Accidents occurred most frequently at 7 and 8 in the morning and at 4 and 5 in the afternoon and are the lowest after midnight as expected. 

However, extremely severe accidents pretty much occurred at any time of day, there were no major differences between what time of day severe accidents occurred on the streets.

In [None]:
plt.subplots(figsize=(12,5))
df['Weather_Condition'].value_counts().head(20).plot.bar(width=0.5,align='center')
plt.xlabel('Weather Condition',fontsize=16)
plt.ylabel('Accident Count',fontsize=16)
plt.title('20 of The Main Weather Conditions for Accidents of Severity ',fontsize=16)
plt.xticks(fontsize=16)
plt.yticks(fontsize=16)

Since most accidents here are during clear weather, we are unsure whether inclement weather causes greater accidents. It is interesting however, that light rain and light snow cause more accidents than snow and regular slow. Is this because drivers tend to go slower in heavy rain and heavy snow whereas they might not notice heavy snow and rain?


Now we'll try to see how some of these factors actually affect the severity of the accident rather than just looking at whether an accident occurs or not.

In [None]:
plt.title("Severity with Fog")
df.loc[df["Weather_Condition"] == "Fog"]['Severity'].value_counts().plot.pie(autopct='%1.0f%%',fontsize=16)

In [None]:
plt.title("Severity with Fog")
df.loc[df["Weather_Condition"] == "Fog"]['Severity'].value_counts().plot.pie(autopct='%1.0f%%',fontsize=16)

In [None]:
plt.title("Severity with Light Rain")
df.loc[df["Weather_Condition"] == "Light Rain"]['Severity'].value_counts().plot.pie(autopct='%1.0f%%',fontsize=16)

In [None]:
plt.title("Severity with Rain")
df.loc[df["Weather_Condition"] == "Rain"]['Severity'].value_counts().plot.pie(autopct='%1.0f%%',fontsize=16)

In [None]:
plt.title("Severity with Heavy Rain")
df.loc[df["Weather_Condition"] == "Heavy Rain"]['Severity'].value_counts().plot.pie(autopct='%1.0f%%',fontsize=16)

In [None]:
plt.title("Severity with Snow")
df.loc[df["Weather_Condition"] == "Snow"]['Severity'].value_counts().plot.pie(autopct='%1.0f%%',fontsize=16)

Level 3 and Level 4 Accidents increase as we go frrom light rain to heavy rain and snow.

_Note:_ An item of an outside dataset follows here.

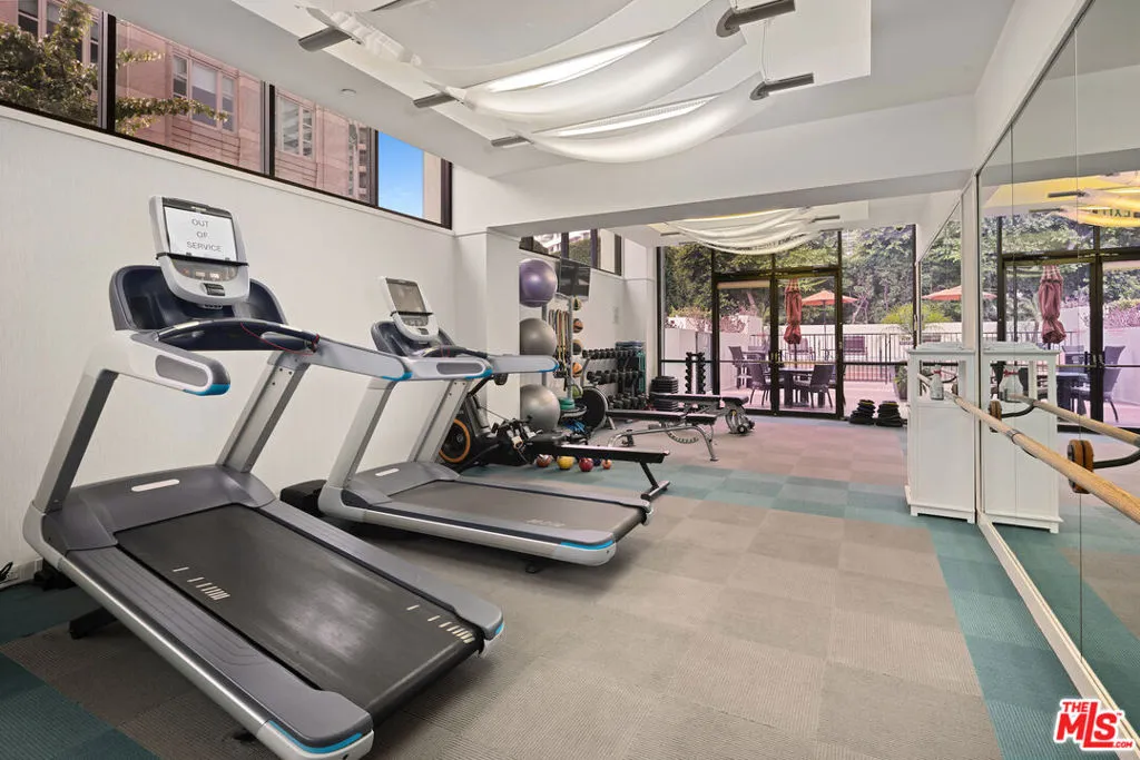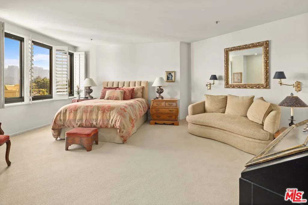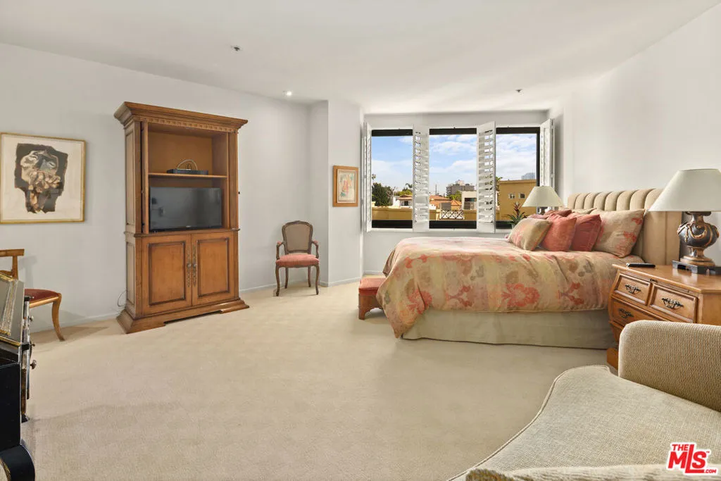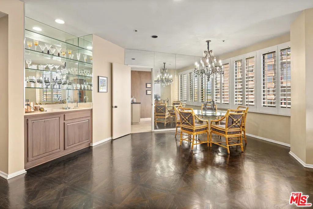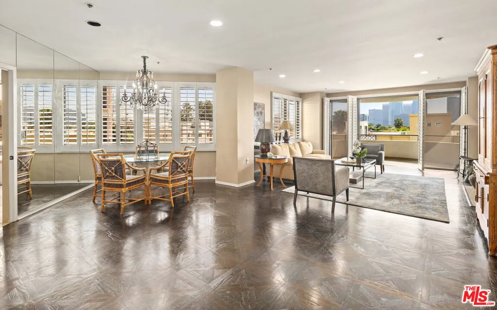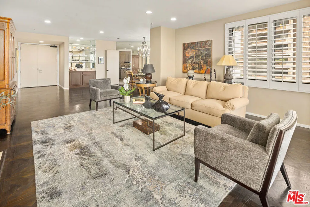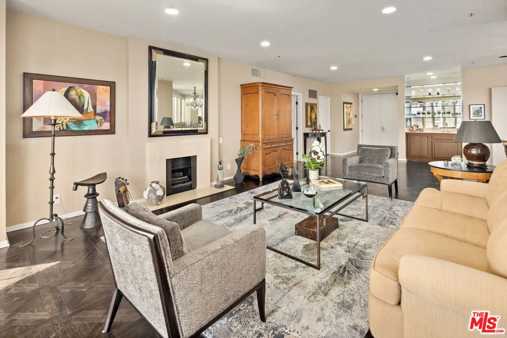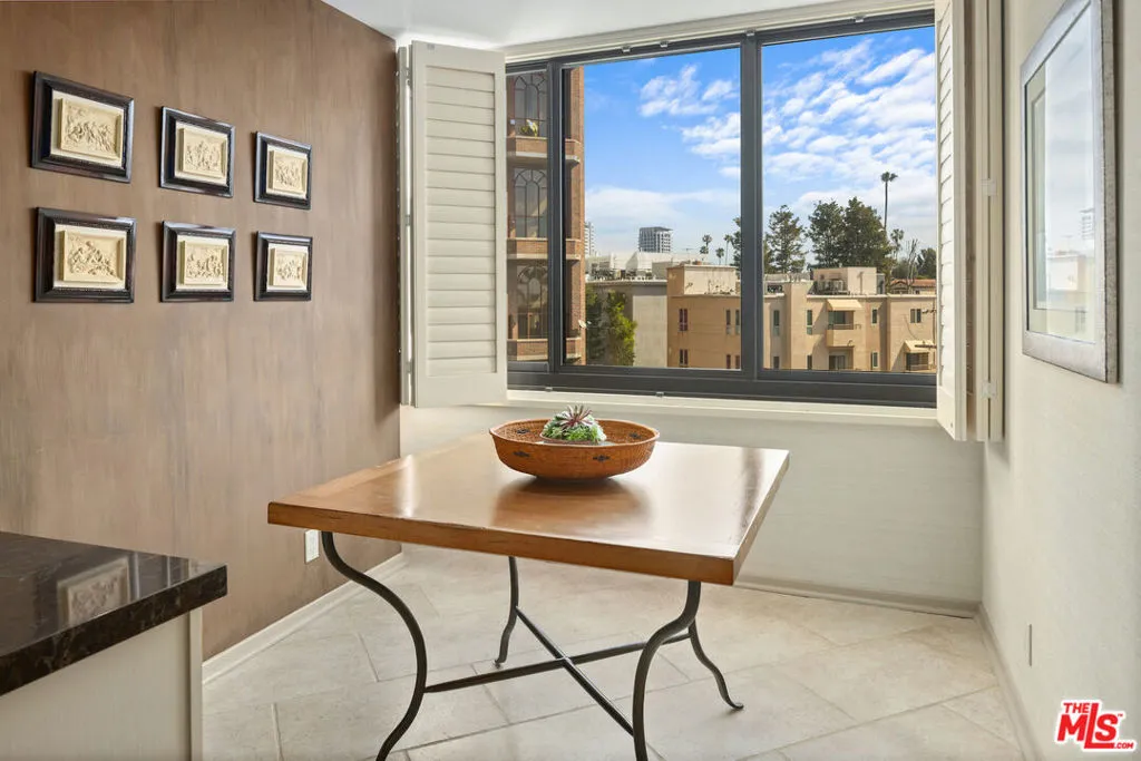 This refined 1,787-square-foot residence at the distinguished Ten-Five-Sixty presents an elevated approach to Wilshire Corridor living. Offering two bedrooms and two and a half baths, the condominium provides a serene sanctuary above the city's rhythms. The building's recently renovated lobby sets an elegant tone, while the residence itself unfolds through handsome double doors into a thoughtfully reimagined kitchen. Granite countertops, stone tile flooring, and a Sub-Zero refrigerator anchor the space, which flows seamlessly to a dedicated laundry room with generous storage. The living and dining areas embrace natural light through expansive windows beneath a soaring ceiling. Original custom wood-patterned floors add warmth and character, while a fireplace embellishes the room. Step onto the private balcony to discover tree-canopy views framed by the Century City skyline, an ideal setting for morning coffee or an afternoon with a compelling book. The primary suite impresses with its exceptional dressing area, featuring an enviable array of custom closets and a well-appointed ensuite bath. The second bedroom, equally fitted with an ensuite bath and built-in cabinetry, adapts beautifully as a guest room, office, or private study. Residents of Ten-Five-Sixty enjoy comprehensive white-glove services: 24-hour valet and concierge, a fitness center, pool and spa, an entertaining lounge with catering kitchen, EV charging, two assigned parking spaces, and dedicated storage. HOA dues encompass all amenities plus water, gas and waste service. The location places you moments from the dining, shopping, and cultural offerings of Westwood, Brentwood, Santa Monica, and Beverly Hills. Here, attentive service meets sophisticated living, with views that captivate from sunrise to the glittering evening skyline.

THis means that accidents are more likely to be severe under the influence of heavy rain and snow when compared to light rain and snow. 

In [None]:
for s in ['Bump', 'Crossing', 'Give_Way', 'Junction', 'No_Exit', 'Railway', 'Roundabout', 'Station', 'Stop', 'Traffic_Calming', 'Traffic_Signal', 'Turning_Loop']:
    if (df[s] == True).sum() > 0:
        plt.subplots(1,1,figsize=(12,5))
        plt.xticks()
        plt.suptitle('Accident Severity Near ' + s,fontsize=16)
        plt.subplot(1,2,2)
        df.loc[df[s] == True]['Severity'].value_counts().plot.pie(autopct='%1.0f%%',fontsize=16)

From this information we are able to find that junctions, give ways, railways, and no exits cause higher rates of crashes. 

From this notebook, we were able to find that certain states had higher rates of accidents (CA specifically). We see that certain road features such as the presence of crossings, junctions and railways cause more severe accidents and the presence of inlcement weather also causes more severe accidents as a whole. 

After this initial review, if I were to expand on this study, I would attempt to find a correlation between visibility and severity of accidents. In addition,I would try to fit a logistic regression model to the dataset in order to find out whether we could predict the severity of an accident by inputting a variety of factors. This data analysis confirmed my hypothesis that inclement weather causes more severe accidents and that certain junctions and road features also cause more high profile accidents. This shows us that there are a lot of important factors to consider when looking at the severity of accidents and the presence of accidents around the country.